Artificial intelligence - apex of tech, policy challenges
By Aalia Manie.
Artificial intelligence (AI) is the apex of today's technology age as we push the boundaries towards industry 4.0 and super-intelligence. It is already here in disruptive narrow forms, cutting across the economy and leaving no sector untouched. It has the potential to solve many of our biggest and most persistent problems.
While there is much to be excited about, there are also critical questions that we must ask from a policy and legal perspective.
Economic drivers constantly push for the optimisation of capital and labour. Everything that can be digitised and automated, will be. Historically, we've been good at creating new jobs, but this will not necessarily be the case here - at least not to the same degree.
We will need to upskill or pivot to remain relevant in the future of world of work. A World Economic Forum study reports that creativity, emotional intelligence and cognitive flexibility will be among the most valued competencies by 2020.
If there is widespread job loss, then we need to consider how to support the unemployed. Should we provide for a universal basic income? Will we spend our time constructively without work? Many of us derive purpose from our work, so how will this impact our self-worth and happiness.
AI will widen the wealth gap, concentrating wealth among AI companies. Should these companies be taxed to fund social grants? We are already digitally obese "cyborgs" attached to our technology, so it's likely that AI augmentation of brains and bodies will be in demand. The wealthy will disproportionately reap these benefits. Since intelligence also provides power and opportunities, should access to AI become a basic human right?
And when, if ever, should machines be recognised as deserving of "humane" treatment and legal rights? Should it depend on their levels of perception, feeling and understanding?
Like any human or system, AI is not infallible. But the adverse consequences of defective AI compound dramatically as we place more reliance on AI. We are increasingly delegating decisions that affect our lives and livelihoods to imperfect systems. We should demand transparency about how those decisions are reached when automated systems can decide who receives parole or not, and who lives or dies (think: self-driving car accident situations, medical diagnostics, and autonomous weapons).
Safety and control
Powerful AI could land in the wrong hands. AI can be hacked to access valuable data pools and repurposed for nefarious means. And with the military investing in autonomous weapons, an arms race has started.

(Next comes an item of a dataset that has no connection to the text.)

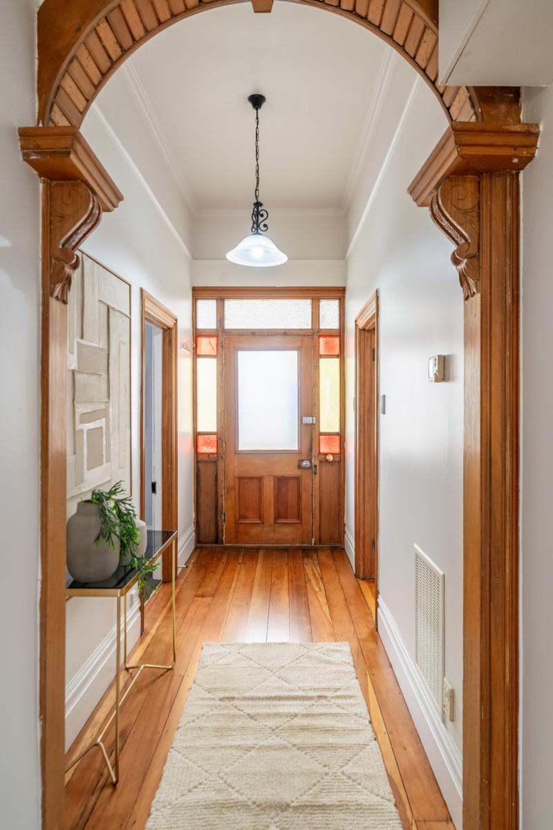 Double glazed in the three bedrooms, the bathroom, and laundry, with gas central heating and insulation, this home is warm and cosy throughout. Character features include two ornate fireplaces, leadlights and stained glass , timber floors and high stud.

A related issue is control. The current direction of AI research is on machine-learning systems that can self-learn and take action without human input, intervention or oversight.
This is a problem: if humans don't have control or veto rights over increasingly intelligent and pervasive AI (or control is restricted to a few elite individuals), then we could face serious unintended worst-case scenarios far beyond science fiction and killer robots.
How should AI be regulated?
Regulation responds to the ethics and concerns of society, and our law will need to address the AI policy issues and risk areas. Given AI's positive transformative potential, we should avoid over-regulation that unduly restricts innovation. But the work should begin now. Adopting a "wait-and-see" approach before imposing regulation would be unwise, as even one big mistake could have dire consequences for our future.
Existing laws will need to be applied to address liability for defective, unsafe, maliciously repurposed and rogue AI. The difficulty is that the legal tests often require a determination of "reasonableness" and "wrongfulness", which are tricky to determine in a world where it is accepted that (i) no system is error-free or completely secure from unauthorised access despite best efforts, and (ii) successful AI research and development (R&D) is linked to increasing automation and reducing human control and intervention.
One clear area for regulation is to circumscribe the conditions for safe AI R&D. Microsoft proposes conditions that include design robustness, transparency of operation, data privacy, accountability and preventing bias. This is a good place to start.
The current laws don't go far enough to deal with the nuances of this technology. An example is who owns, or should own, the intellectual property created by AI. Should this be the manufacturer or user of the system? This will be an essential question to answer in practice.
While regulation catches up, contracts should be carefully drafted to plug legal gaps, limit liability and appropriately allocate risk. Companies should develop internal policies and good corporate governance structures to record AI risks and judiciously manage AI implementation.
All things considered, there is no doubt that finding balanced and meaningful responses to AI issues will be among the most complex, urgent and fundamental tasks for our regulators in the coming years.